Many of the defendants' attorneys also say that Schwartz and Zweben filed these lawsuits carelessly. Attorney Zweben and plaintiff English have also sued the Dollywood Foundation, the charity affiliated with Dolly Parton that distributes free books to children. However, Zweben told Metro Pulse that he intended to file the lawsuit against the Dollywood theme park. The Dollywood Foundation, however, still had to pay legal fees so that its attorneys could take the legal steps necessary to point out that the suit was filed in error. The lawsuit against Sam & Andy's was originally filed against Chris Captain's uncle John Captain, who does not have an ownership interest in the restaurant. The Sam & Andy's lawsuit was also filed against two locations: West Town Mall and Fountain City. Chris Captain says that he almost never leaves the Fountain City location and claims that plaintiff English has "never, ever" been in the restaurant, which raises questions about how English can claim that the location is not ADA compliant.

Zweben denies that this is the case. "The people who have filed the lawsuits have been to every place that has been sued."

Another contention from defendants is that they weren't given any warning before the lawsuits were filed. "They are filing lawsuits without making any effort to resolve it beforehand," Herston says. "They never told Sawyer's that they had a problem and never wrote a letter or anything." Attorney Millenhour is even more outspoken. "From a small-business person's point of view, this falls into the category of litigational terrorism."

For the time being, the only thing that seems certain is that the lawsuits will continue to be filed and that small-business owners will be nervous. Like other defendants, Chris and Shannon Captain don't know what will happen with their case or how much they will have to pay to get it over with.
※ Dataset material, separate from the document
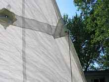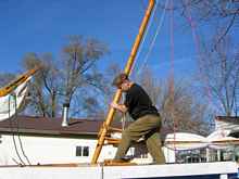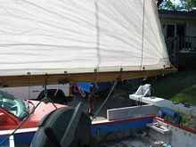 with the halyards. Or brail up to the mast in a calm. Losing the

Attorney Ed Summers says he intends to defend the case, "but as it nears trial, if there is an opportunity to settle it for less than it costs to defend it, then my advice would be for them to settle." Other attorneys such as Millenhour, Zitzman, and Herston say that they haven't decided what they will advise their clients to do.

English says she intends to follow through on her Dollywood lawsuit, saying that "90 percent of it is not accessible." She also says that she intends to sue the city because of accessibility problems at the City-County Building. "I won't stop until the people in the city of Knoxville accept the federal law that was passed 12 and a half years ago, and until people accept us and give us the same treatment that they give everyone else," she says. "I'm not doing this for fun."